■ ABOUT THIS EXERCISE: Every record below is to be retyped exactly, with any pictures left out.

[Data records]
□ □ □ □
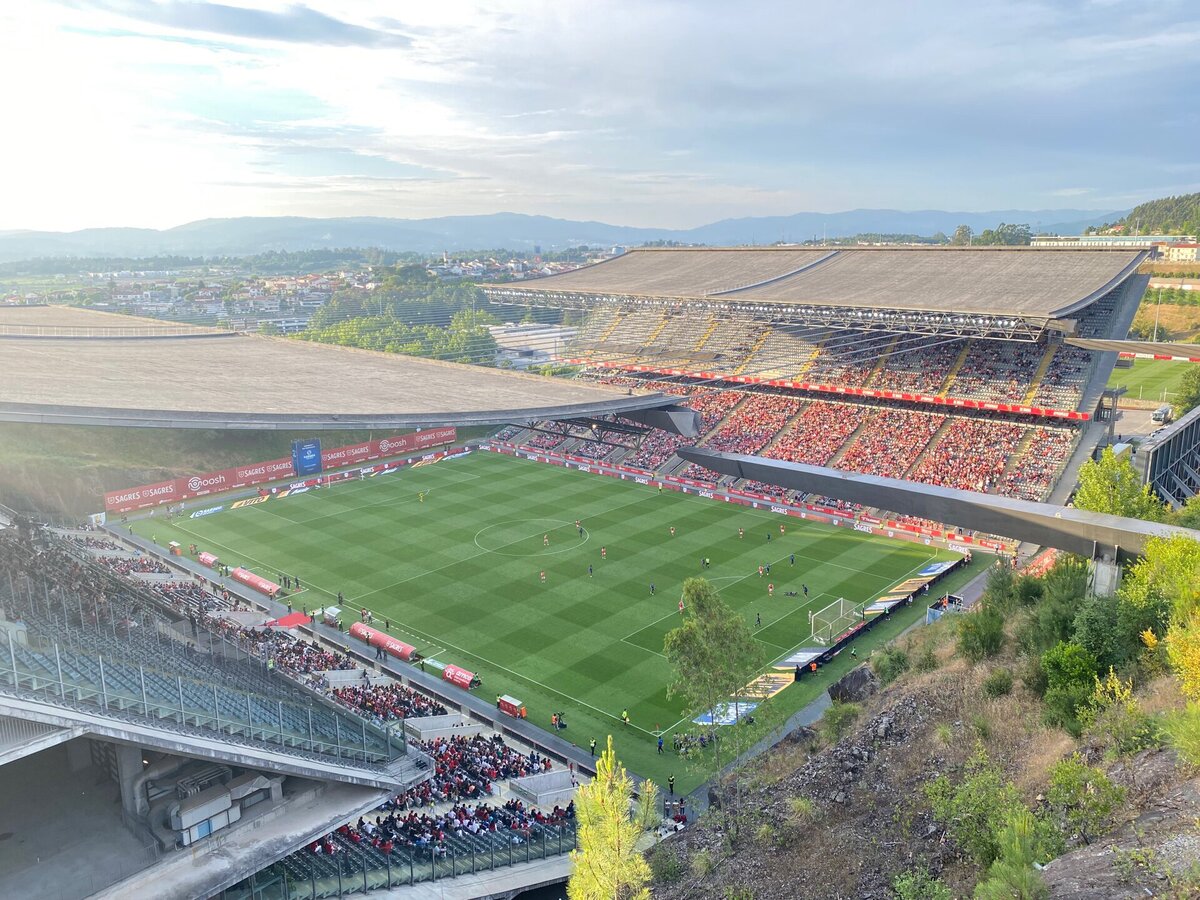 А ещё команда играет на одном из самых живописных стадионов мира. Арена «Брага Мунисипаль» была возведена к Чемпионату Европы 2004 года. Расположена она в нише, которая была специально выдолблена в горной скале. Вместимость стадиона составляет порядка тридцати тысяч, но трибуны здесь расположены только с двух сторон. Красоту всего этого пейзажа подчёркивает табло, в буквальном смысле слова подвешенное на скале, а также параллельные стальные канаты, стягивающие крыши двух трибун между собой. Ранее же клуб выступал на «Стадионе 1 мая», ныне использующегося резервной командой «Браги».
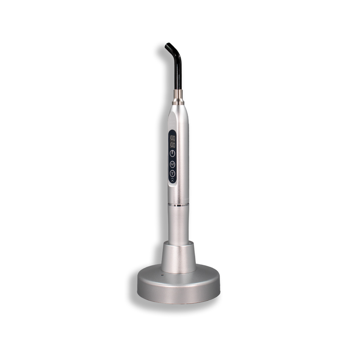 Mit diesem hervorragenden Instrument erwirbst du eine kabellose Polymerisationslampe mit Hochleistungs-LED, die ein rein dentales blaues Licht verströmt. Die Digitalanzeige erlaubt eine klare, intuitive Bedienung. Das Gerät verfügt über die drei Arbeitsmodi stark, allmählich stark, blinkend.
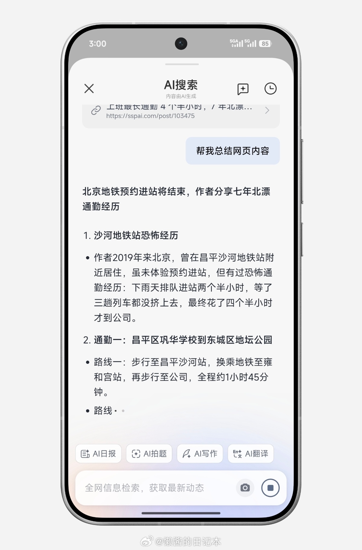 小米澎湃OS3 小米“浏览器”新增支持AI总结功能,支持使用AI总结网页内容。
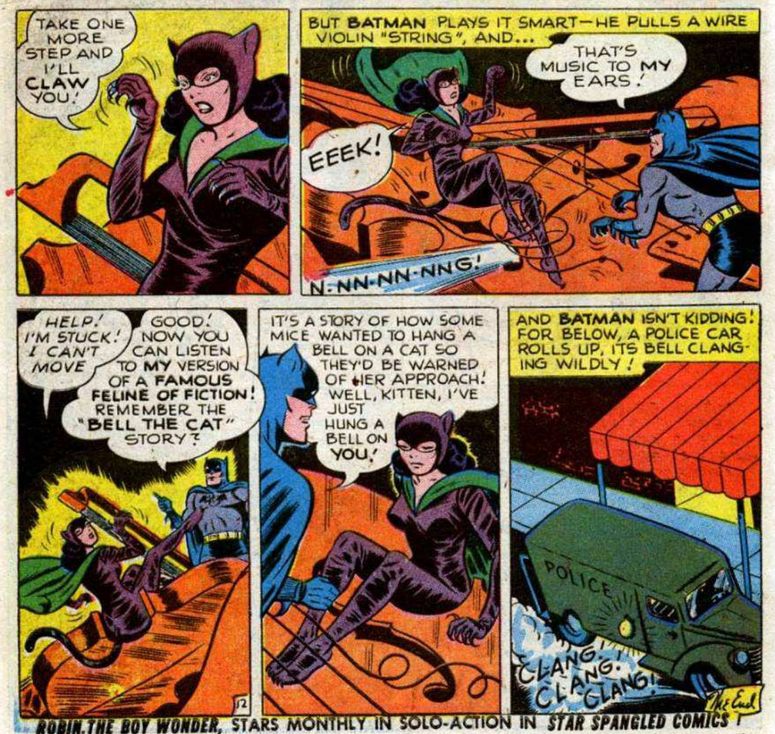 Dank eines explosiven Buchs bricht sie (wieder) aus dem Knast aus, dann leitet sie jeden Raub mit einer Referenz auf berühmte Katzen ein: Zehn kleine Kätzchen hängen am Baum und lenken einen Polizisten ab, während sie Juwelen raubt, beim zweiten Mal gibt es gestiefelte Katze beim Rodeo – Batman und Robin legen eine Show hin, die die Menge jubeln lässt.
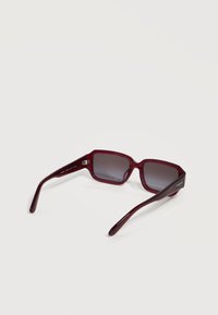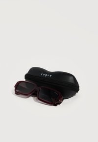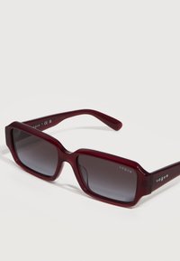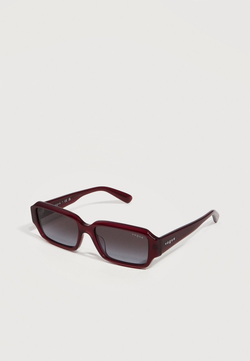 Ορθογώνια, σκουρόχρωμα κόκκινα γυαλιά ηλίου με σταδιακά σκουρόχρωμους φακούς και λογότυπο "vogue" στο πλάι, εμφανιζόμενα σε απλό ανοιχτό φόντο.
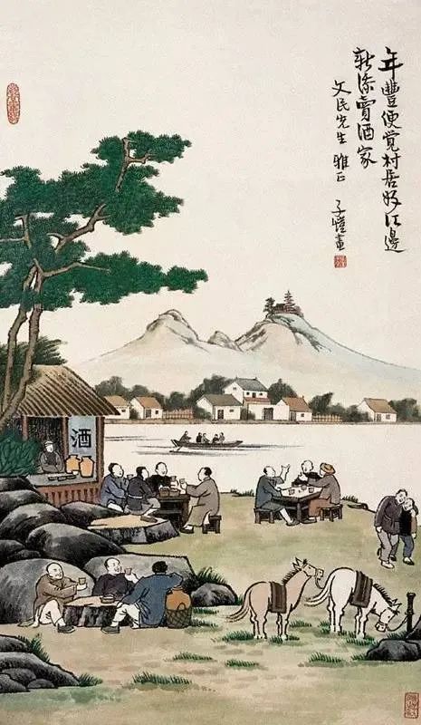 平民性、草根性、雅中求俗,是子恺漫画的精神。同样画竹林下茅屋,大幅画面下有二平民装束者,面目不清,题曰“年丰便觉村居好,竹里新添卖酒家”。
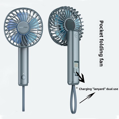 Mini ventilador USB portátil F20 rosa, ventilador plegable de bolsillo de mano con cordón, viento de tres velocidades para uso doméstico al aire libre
□ □ □ □
■ RESULT OF THE EXERCISE:
 А ещё команда играет на одном из самых живописных стадионов мира. Арена «Брага Мунисипаль» была возведена к Чемпионату Европы 2004 года. Расположена она в нише, которая была специально выдолблена в горной скале. Вместимость стадиона составляет порядка тридцати тысяч, но трибуны здесь расположены только с двух сторон. Красоту всего этого пейзажа подчёркивает табло, в буквальном смысле слова подвешенное на скале, а также параллельные стальные канаты, стягивающие крыши двух трибун между собой. Ранее же клуб выступал на «Стадионе 1 мая», ныне использующегося резервной командой «Браги».
 Mit diesem hervorragenden Instrument erwirbst du eine kabellose Polymerisationslampe mit Hochleistungs-LED, die ein rein dentales blaues Licht verströmt. Die Digitalanzeige erlaubt eine klare, intuitive Bedienung. Das Gerät verfügt über die drei Arbeitsmodi stark, allmählich stark, blinkend.
 小米澎湃OS3 小米“浏览器”新增支持AI总结功能,支持使用AI总结网页内容。
 Dank eines explosiven Buchs bricht sie (wieder) aus dem Knast aus, dann leitet sie jeden Raub mit einer Referenz auf berühmte Katzen ein: Zehn kleine Kätzchen hängen am Baum und lenken einen Polizisten ab, während sie Juwelen raubt, beim zweiten Mal gibt es gestiefelte Katze beim Rodeo – Batman und Robin legen eine Show hin, die die Menge jubeln lässt.
 Ορθογώνια, σκουρόχρωμα κόκκινα γυαλιά ηλίου με σταδιακά σκουρόχρωμους φακούς και λογότυπο "vogue" στο πλάι, εμφανιζόμενα σε απλό ανοιχτό φόντο.
 平民性、草根性、雅中求俗,是子恺漫画的精神。同样画竹林下茅屋,大幅画面下有二平民装束者,面目不清,题曰“年丰便觉村居好,竹里新添卖酒家”。
 Mini ventilador USB portátil F20 rosa, ventilador plegable de bolsillo de mano con cordón, viento de tres velocidades para uso doméstico al aire libre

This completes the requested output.